Australia will be sending more troops to Iraq to assist in the fight against Islamic State, Prime Minister Tony Abbott has announced.
Speaking outside Parliament House on Tuesday, Mr Abbott said the new deployment would be working in a “building partner training capacity”.
He said the precise numbers were yet to be finalised, but anticipated about 300 Australian regular personnel would be in the deployment.
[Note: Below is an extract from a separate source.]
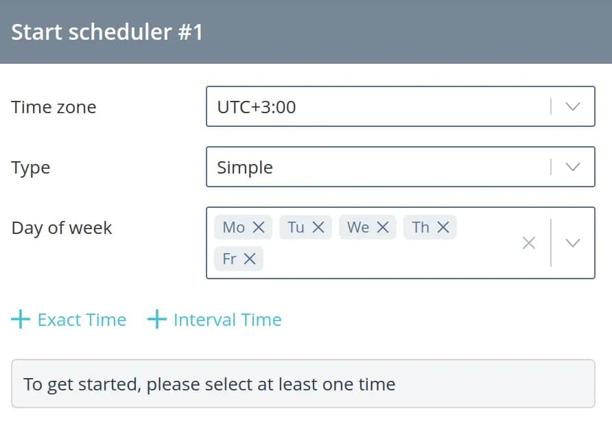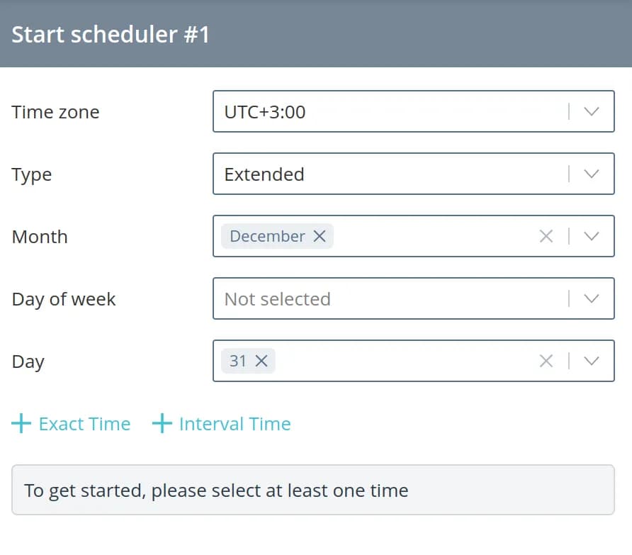 Interval time - allows you to select a time interval and periodicity of triggering within this interval (for example, if you choose the interval from 13:00 to 14:00 and the interval Every 2 minutes, then the scheduler will trigger at 13:00:00, 13:02:00, 13:04:00, ...)

They will be working in a close joint military operation with a further 100 New Zealand troops, although it will not formally be recognised as an ANZAC operation.
The Australian and NZ troops will be joining those from coalition partners Spain, the Netherlands and the United States already in Iraq.
Mr Abbott said the deployment comes in response to a formal request from the Iraqi government and the US to contribute the forces to help train the Iraqi army.
Mr Abbott said the goal of the Australian military training contingent was to improve Iraq’s own ability to take and hold ground from Islamic State (aka ISIS, ISIL and Daesh), “to keep Iraq safe” and to “wrest back control of the country from the death cult”.
“It is absolutely and utterly in Australia’s national interest to do this,” he said.
The prime minister denied that the new deployment, which has bi-partisan support, was mission creep. Rather, he described it as shifting to the next phase of a long mission, noting the planned draw-down of the current deployment of 170 Australian Special Forces by September.
Andrew Wilkie spoke forcefully against the deployment, though. The Independent MP told reporters that after billions being spent and thousands of military trainers having already served there over 12 years, Iraq’s army was no better off.
“There is no simple solution, no bloodless solution,” Wilkie admitted, but remained resolute in his conviction that that Australia’s and the West’s involvement in Iraq was the cause of instability in the Middle East, not the answer to it.
“We are now reaping what we sew(ed) in 2003,” he said, referring to the US led invasion of Iraq.